─── Dataset entries ───
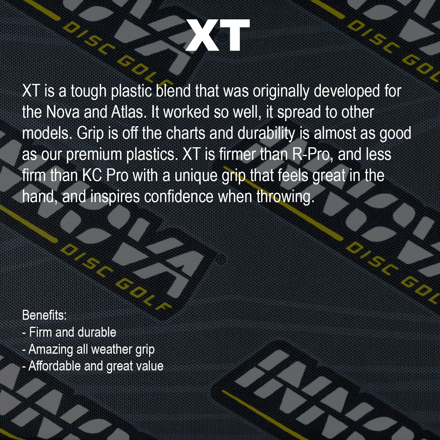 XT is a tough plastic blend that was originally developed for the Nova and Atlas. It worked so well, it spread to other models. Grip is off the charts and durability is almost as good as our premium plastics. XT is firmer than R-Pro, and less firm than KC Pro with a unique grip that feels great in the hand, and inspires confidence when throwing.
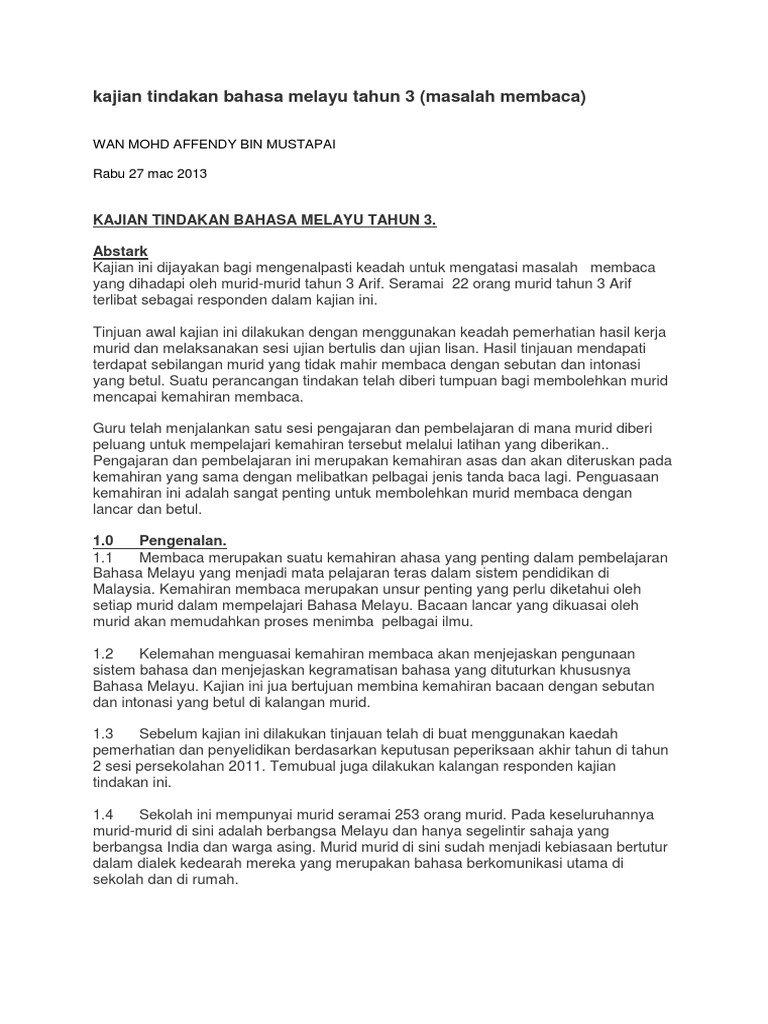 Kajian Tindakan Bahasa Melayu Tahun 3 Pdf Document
───
─── Dataset entries ───
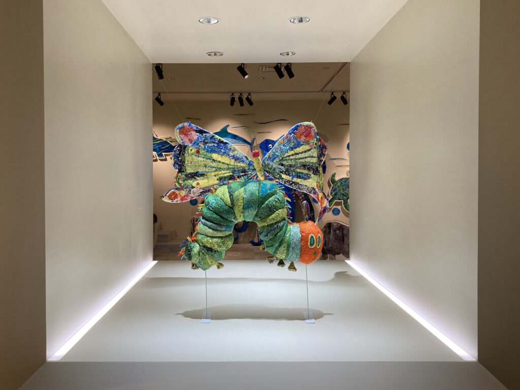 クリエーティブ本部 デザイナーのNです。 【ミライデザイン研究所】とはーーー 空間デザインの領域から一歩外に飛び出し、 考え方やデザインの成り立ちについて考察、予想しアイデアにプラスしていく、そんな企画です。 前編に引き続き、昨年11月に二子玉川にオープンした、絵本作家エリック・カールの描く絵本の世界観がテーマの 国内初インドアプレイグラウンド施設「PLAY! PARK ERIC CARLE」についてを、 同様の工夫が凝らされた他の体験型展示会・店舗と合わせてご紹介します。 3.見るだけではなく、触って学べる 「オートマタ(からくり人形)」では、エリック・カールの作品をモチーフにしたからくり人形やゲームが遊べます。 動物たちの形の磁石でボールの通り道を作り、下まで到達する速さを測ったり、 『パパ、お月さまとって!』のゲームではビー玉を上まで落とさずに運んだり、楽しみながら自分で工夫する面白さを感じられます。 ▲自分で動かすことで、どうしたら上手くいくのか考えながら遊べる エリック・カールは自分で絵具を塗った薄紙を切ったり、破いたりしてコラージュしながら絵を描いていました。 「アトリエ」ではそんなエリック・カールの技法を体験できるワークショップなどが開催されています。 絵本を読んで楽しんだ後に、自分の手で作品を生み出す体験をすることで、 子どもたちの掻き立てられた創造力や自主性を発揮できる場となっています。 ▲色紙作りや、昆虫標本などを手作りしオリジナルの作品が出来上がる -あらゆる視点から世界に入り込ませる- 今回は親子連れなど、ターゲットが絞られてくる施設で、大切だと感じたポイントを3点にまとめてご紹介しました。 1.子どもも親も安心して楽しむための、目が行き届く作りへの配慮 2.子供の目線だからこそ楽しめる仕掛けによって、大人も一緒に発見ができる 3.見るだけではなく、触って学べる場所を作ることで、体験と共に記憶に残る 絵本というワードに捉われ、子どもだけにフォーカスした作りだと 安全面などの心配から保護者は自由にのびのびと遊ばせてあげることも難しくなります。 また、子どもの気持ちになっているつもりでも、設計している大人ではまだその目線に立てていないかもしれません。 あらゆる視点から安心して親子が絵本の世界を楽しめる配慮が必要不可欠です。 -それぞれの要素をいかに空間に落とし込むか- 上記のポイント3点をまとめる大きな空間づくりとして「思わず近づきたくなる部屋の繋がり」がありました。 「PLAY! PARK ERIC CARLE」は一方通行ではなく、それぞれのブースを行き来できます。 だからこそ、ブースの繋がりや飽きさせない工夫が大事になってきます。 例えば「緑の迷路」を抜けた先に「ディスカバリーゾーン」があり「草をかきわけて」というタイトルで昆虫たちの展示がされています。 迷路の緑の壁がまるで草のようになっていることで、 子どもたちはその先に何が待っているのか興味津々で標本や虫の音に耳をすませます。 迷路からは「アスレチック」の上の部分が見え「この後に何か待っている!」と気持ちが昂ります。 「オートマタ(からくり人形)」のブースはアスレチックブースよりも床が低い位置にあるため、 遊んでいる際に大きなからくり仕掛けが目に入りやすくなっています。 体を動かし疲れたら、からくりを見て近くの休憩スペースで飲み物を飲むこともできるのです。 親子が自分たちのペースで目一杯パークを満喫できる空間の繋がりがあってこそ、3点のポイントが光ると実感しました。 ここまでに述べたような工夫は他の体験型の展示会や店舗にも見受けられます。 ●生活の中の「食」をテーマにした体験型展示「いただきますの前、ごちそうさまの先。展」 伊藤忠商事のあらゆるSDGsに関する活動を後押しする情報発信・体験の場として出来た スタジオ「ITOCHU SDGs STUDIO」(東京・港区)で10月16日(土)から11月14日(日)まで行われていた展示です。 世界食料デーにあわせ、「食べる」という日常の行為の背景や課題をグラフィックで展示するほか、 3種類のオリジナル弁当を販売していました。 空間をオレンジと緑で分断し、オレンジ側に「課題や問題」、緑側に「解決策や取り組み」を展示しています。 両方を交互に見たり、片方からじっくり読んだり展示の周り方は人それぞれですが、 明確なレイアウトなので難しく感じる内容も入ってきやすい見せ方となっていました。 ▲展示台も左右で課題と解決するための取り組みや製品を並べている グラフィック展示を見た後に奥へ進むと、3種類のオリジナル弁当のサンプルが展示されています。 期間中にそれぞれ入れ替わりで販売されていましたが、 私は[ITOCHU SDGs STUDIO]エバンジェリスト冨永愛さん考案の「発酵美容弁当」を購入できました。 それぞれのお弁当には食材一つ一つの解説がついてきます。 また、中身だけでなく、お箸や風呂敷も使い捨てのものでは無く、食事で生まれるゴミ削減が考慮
───
─── Dataset entries ───
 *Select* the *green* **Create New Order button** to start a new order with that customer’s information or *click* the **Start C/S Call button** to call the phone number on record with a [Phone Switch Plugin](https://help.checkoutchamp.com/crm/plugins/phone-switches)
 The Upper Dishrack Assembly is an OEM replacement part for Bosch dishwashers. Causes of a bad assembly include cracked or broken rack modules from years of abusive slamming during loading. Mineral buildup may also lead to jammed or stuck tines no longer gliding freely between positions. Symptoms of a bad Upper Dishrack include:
───
What is needed is an exact copy of the lines above from the one with "XT is a tough" to the one with "Kajian Tindakan Bahasa", both ends kept, and nothing more; please leave the pictures out.

** Completed task **
 XT is a tough plastic blend that was originally developed for the Nova and Atlas. It worked so well, it spread to other models. Grip is off the charts and durability is almost as good as our premium plastics. XT is firmer than R-Pro, and less firm than KC Pro with a unique grip that feels great in the hand, and inspires confidence when throwing.
 Kajian Tindakan Bahasa Melayu Tahun 3 Pdf Document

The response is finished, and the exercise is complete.